I set the hook. Nothing moves. It's a log? No, the log begins to stir, and shake its head. I put lots of pressure. The fish comes up a little, and the float crests above the water. But this fish has other ideas. He powers suddenly forward and the float zooms down under water. I am suddenly helpless, riding on the back of a bull. I can do nothing with this fish. For a moment, I fear that I've actually snagged it. It takes a run up river and I yell "coming up!" at which four or five of my compadres remove their lines from the water and watch my line careen upstream like the smoke trail of a race car. He goes up quite far before finally running out of steam.

Or so I thought; because his downriver course is suddenly far too swift. I find myself in a clumsy madness of reeling, trying desperately to keep some kind of tension on the line. Finally, he runs out of river almost at my feet and turns again. I put the "boots" to him as hard as I think my tippet will take, and I see his sides flash as he massively shakes his whole body, lighting up the deep green, in an attempt to throw me. I pull hard upriver and he responds by heading down. We're so close to the lake here, that I am risking him running for it. But I want to land him on cleaner gravel, not in the mud, and roughly 40 feet downriver is the only place that that can happen.

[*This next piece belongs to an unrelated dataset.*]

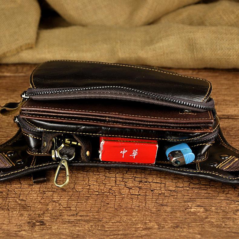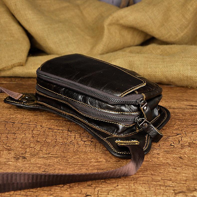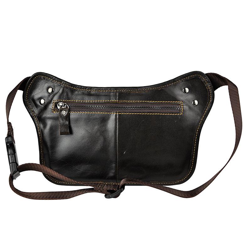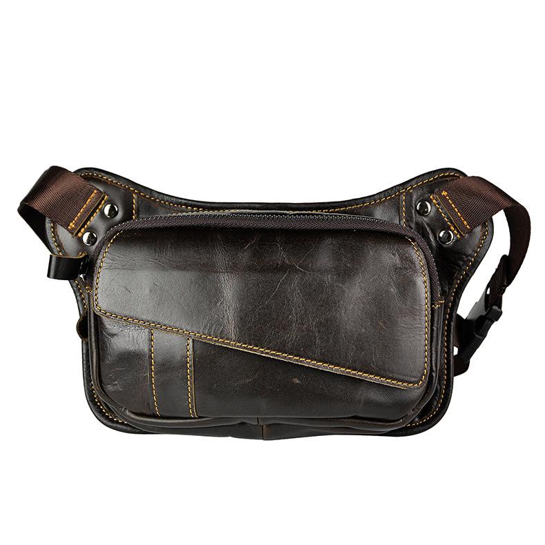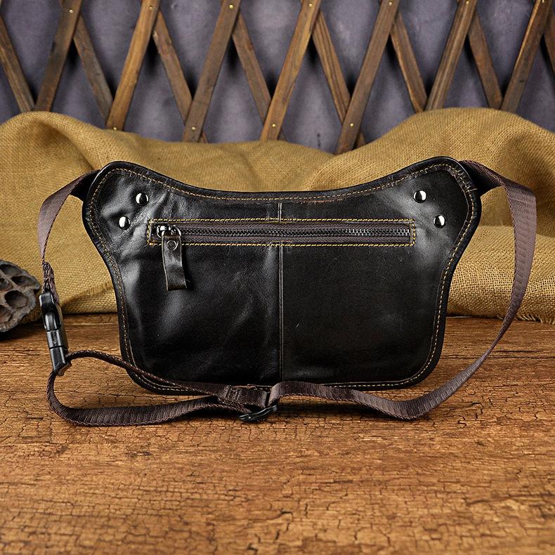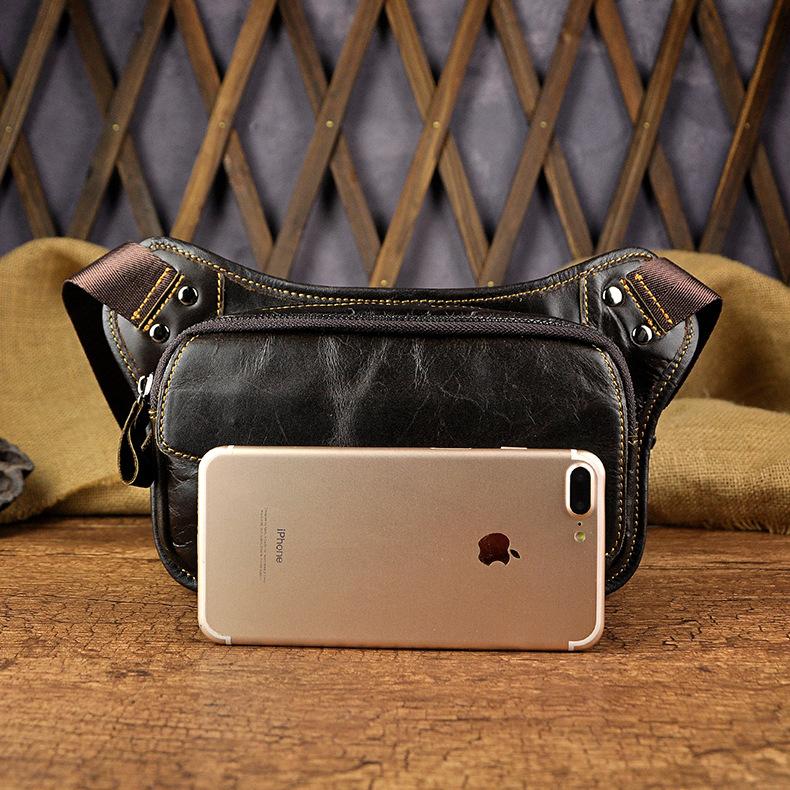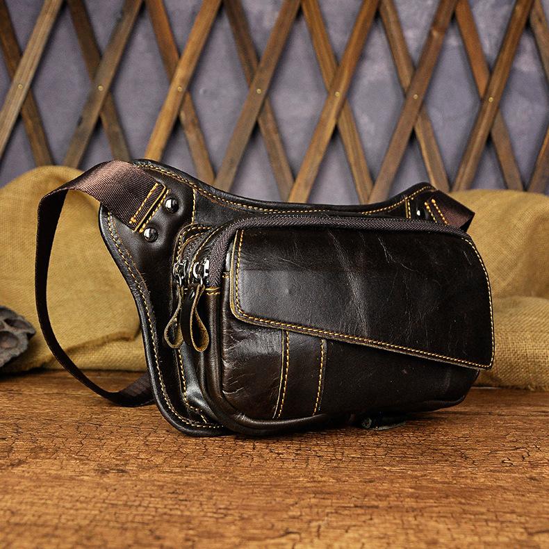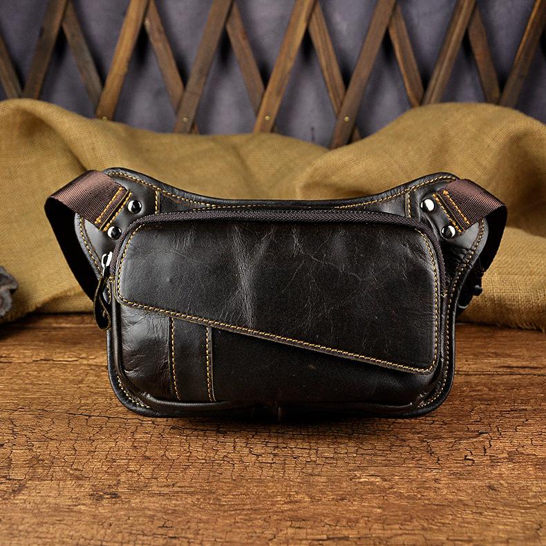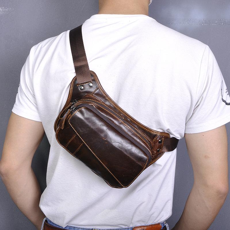 Style: Retro Brown Leather Fanny Pack Men's Black Chest Bag Hip Bag 8 inches Waist Bag For Men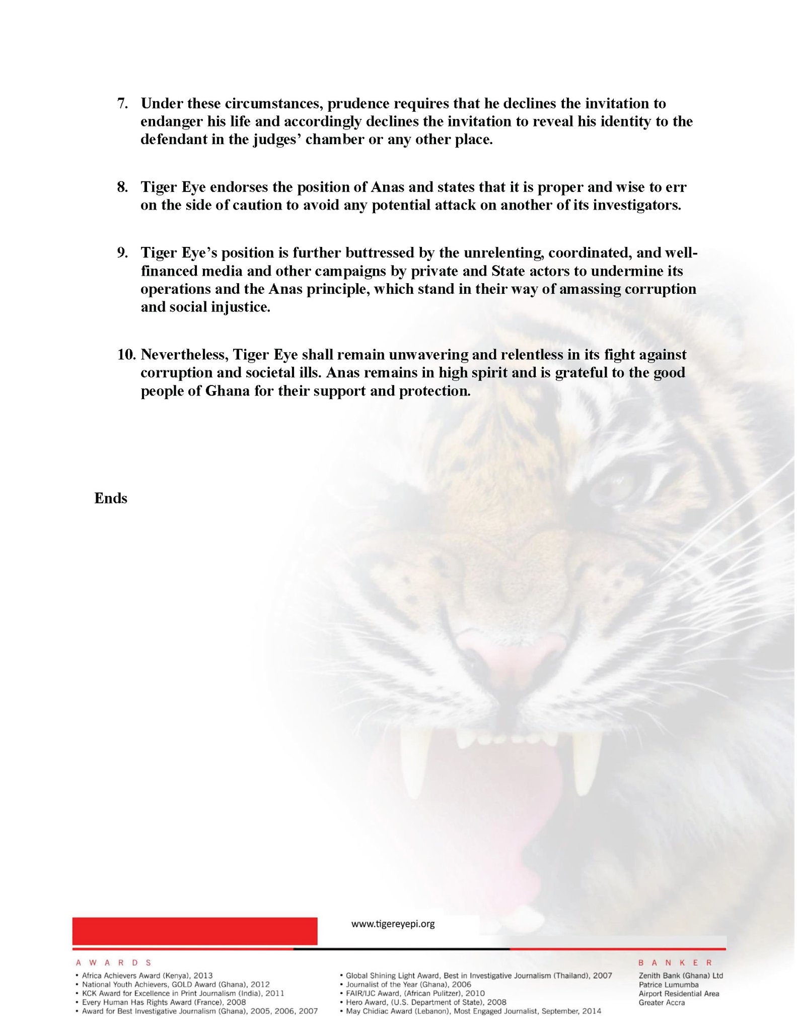 Read the full statement by Tiger Eye PI below:

But he's getting tired now. He does make a run for it, but I stop him just as he reaches the deeper water off the gravel bank. My arms and my right shoulder, by now, are burning. I can only imagine how tired the fish is, putting all his might into his attempt to escape! I see his tail come up, and my heart wants to burst through my throat. The last time I caught a fish that big, my boys were one month old - now, they are almost 6 years old. Finally, I managed to heave the behemoth steelhead buck ashore, and I am tired but elated. The fight has lasted a little over ten minutes.

I give myself no more than 30 seconds, or so, to take as many pictures as possible; although in truth it's hard to tell when so much adrenalin is coursing through one's brain. He kicks before the photo op can start and gets some water and grit in the lens. I do the best I can with what I have, take five or six shots of both sides of the fish. On his left, he has a huge lamprey gash, and the vestiges of past attacks. I take one last snapshot, for posterity, straight along the length of the rod, so I can get an approximate measurement afterward.

From the silver line at the butt of my rod, to the furthest blue strip on the wrap above the hook holder is 26 inches. The butt itself measures 21. So, using this picture as an imperfect measure, the steelhead had a length of about 34 inches. The reel has a 5 inch diameter, so the thick-bodied fish also had a very good girth. His weight was probably close to 15lbs.

But while he's still lying on the river's edge, all I really care about is releasing him. I bend down, position his head in the current - marveling again at his size - and let the water freeze my hands for a few minutes. I give him ample time to revive. Such an adversary deserves no less. A fish like this is worth a full day of fishing, and then some. He has filled me with an elation that I seldom feel, but it has washed away so much weariness that his release is like the ending to a kind of ritual of renewal, the momentary return of the fresh newness of childhood.

When his muscles start to strain my grip on his tail, I waggle him a little side to side, then let go; just as he gives a mighty swoosh of his tail. He darts away, like a shadow and a memory.